Giornalismo
Lettera a Roberto Saviano
Una crepa disegnata al centro della scena
Roberto,
parto da qui. Hai fatto qualcosa che in pochi hanno avuto il coraggio di fare. Hai scoperchiato mondi che stavano comodi nel buio. Hai dato nomi, cognomi, strade, odori. Hai rimesso in circolo la paura come fatto umano e non come destino criminale. Questo non te lo toglie nessuno. Nemmeno chi ti odia. Nemmeno chi ti deride. Nemmeno chi ti vuole muto.
Ma ora viene il resto. Da anni sembri avvitato nello stesso gesto. La denuncia che diventa posa, la rabbia che diventa ruolo, la ferita che diventa marchio. Non ti parlo da detrattore. Ti parlo da uno che ha visto la stessa trappola in tanti: restare prigionieri di ciò che si è fatto di grande. Il coraggio di ieri che diventa il recinto di oggi.

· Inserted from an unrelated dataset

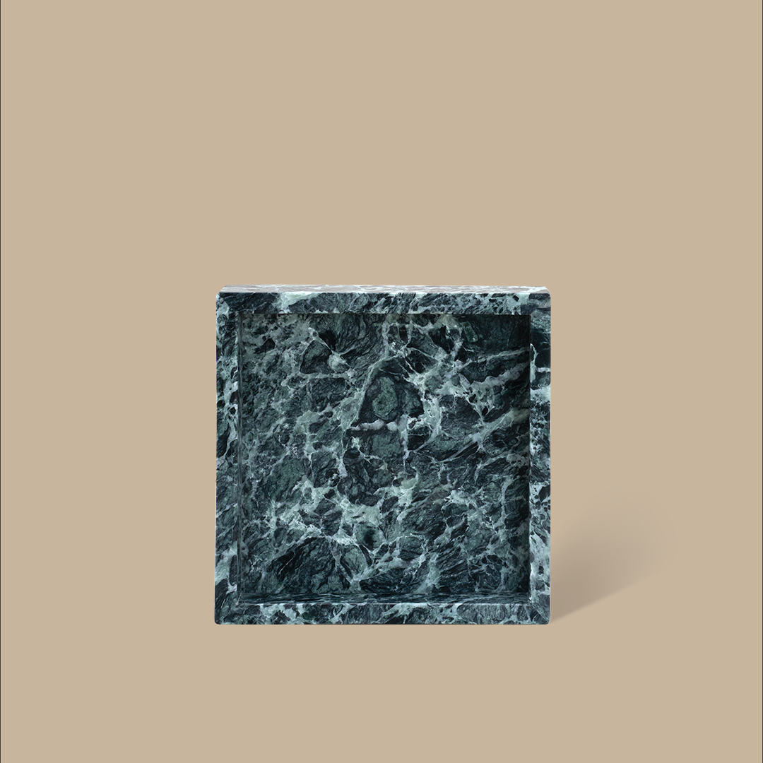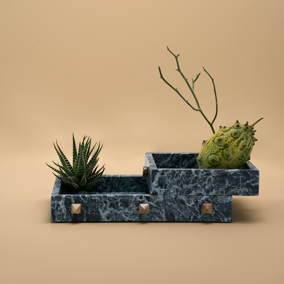 Crafted in White Onyx and Verde Alpi Marble, the Forma Collection balances sculptural form with refined detail. Inset stone buttons and bold joints echo vintage fashion and architectural precision.

Ti sei messo al centro della scena e forse era inevitabile. Ma c’è un punto in cui la scena divora. Quando ogni frase pesa come se dovessi salvare il mondo. Quando il silenzio sembra una resa e la tua presenza deve sempre essere all’altezza del tuo stesso mito. Ma la realtà non assegna medaglie. Ma la realtà non ti deve niente. Nemmeno riconoscenza.
Quello che hai fatto resta. Quello che sei diventato pesa. E pesa soprattutto perché rischia di coprire ciò che potresti ancora essere. Ti vorrei vedere un giorno senza la smania di incarnare il martire civile della nostra epoca. Il martire non si fa profilo. Il martire non fa rassegna stampa. Il martire non diventa mestiere.
Tu non sei un simbolo, Roberto. Sei un uomo. E gli uomini cambiano, si sporcano, sbagliano, cadono. Vorrei vederti cadere almeno un istante. Vorrei vederti rinunciare a difendere tutto, a spiegare tutto, a essere tutto. Perché è lì che torna il coraggio, quello vero. Quello che non ha pubblico. Quello che non si filma. Quello che non si monetizza. Quello che non chiede niente.
Hai aperto crepe nel mondo. Ora aprine una in te stesso. È l’unico modo per restare vivo e non diventare solo un personaggio che sopravvive al proprio corpo.